Melasma appears on the face as sections of tan or dark skin not consistent with the patient’s normal skin color. Melasma usually appears slowly and is thought to be the result of sensitivity to hormonal changes. The dark facial patches are irregularly shaped and have no symptoms beyond their appearance. There are no long-term physiological effects of melasma; however, melasma may cause mild depression in people who are concerned about its effect on their appearance.
Melasma is the result of increased production of melanocytes through the hormones progesterone and estrogen when the face is exposed to ultraviolet light.
What are the symptoms?
Melasma appears as sections of skin – almost always on the face – that are darker than the patient’s normal skin tone. These patches can range in color from tan or brown, to gray-brown.

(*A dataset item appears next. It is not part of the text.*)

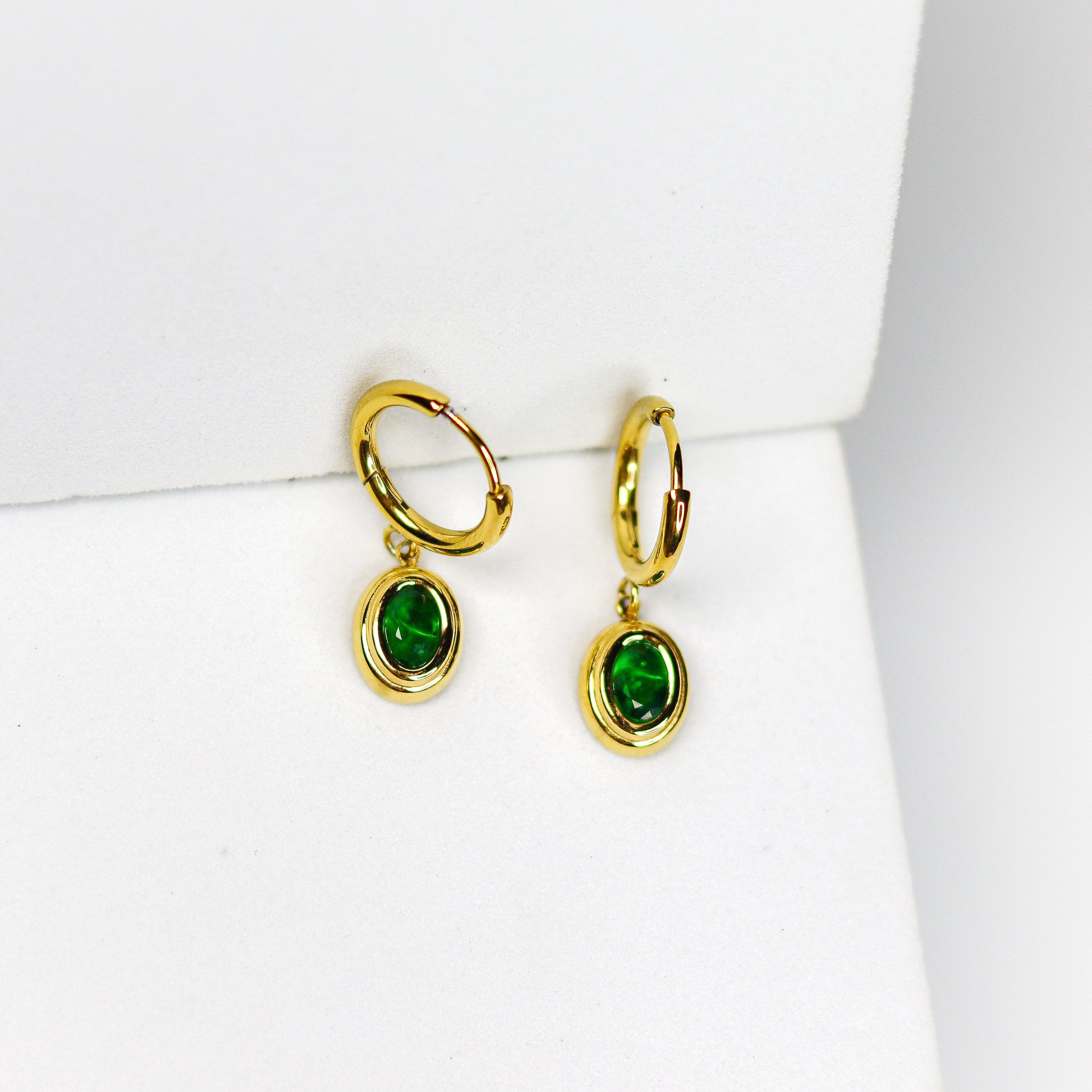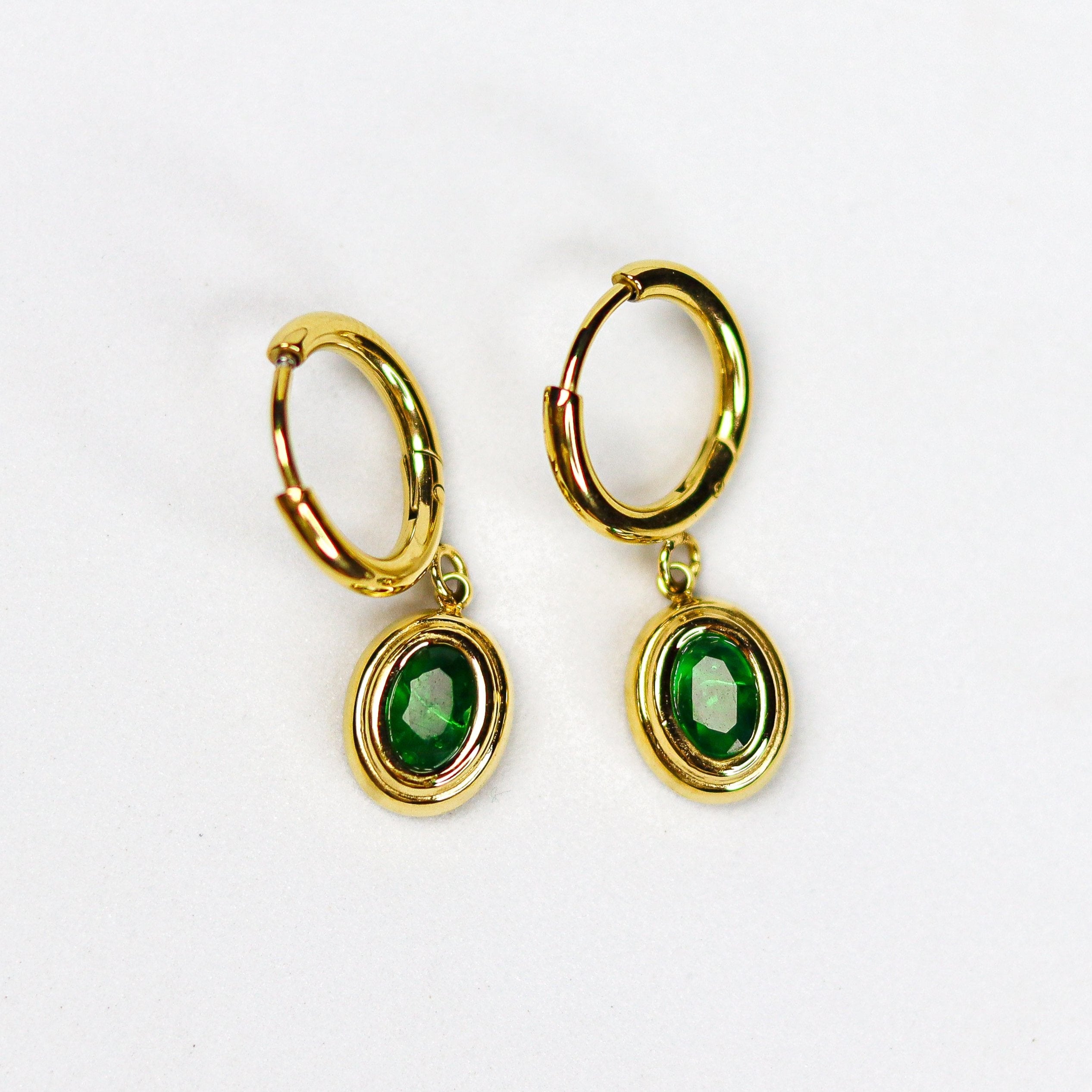 Emerald Drop Hoops

Though melasma may appear on the forearms and neck, these areas are far less likely to show melasma symptoms.
Who gets it?
Almost all melasma patients are women, particularly women who:
Take oral contraceptives
Take patch contraceptives
Use hormone replacement therapy drugs
Have a darker (more tan) skin color and live in sunny areas
Have a family history of melasma
Are allergic to certain medications or cosmetics
Thyroid disease may also spur the appearance of melasma.
Though some women can suffer from melasma for years due to their use of contraceptives, melasma usually subsides of its own accord after time, usually a few months. Dermatologists can treat melasma with topical depigmenting agents or other medications. Continued sun exposure, however, may render such treatments ineffective.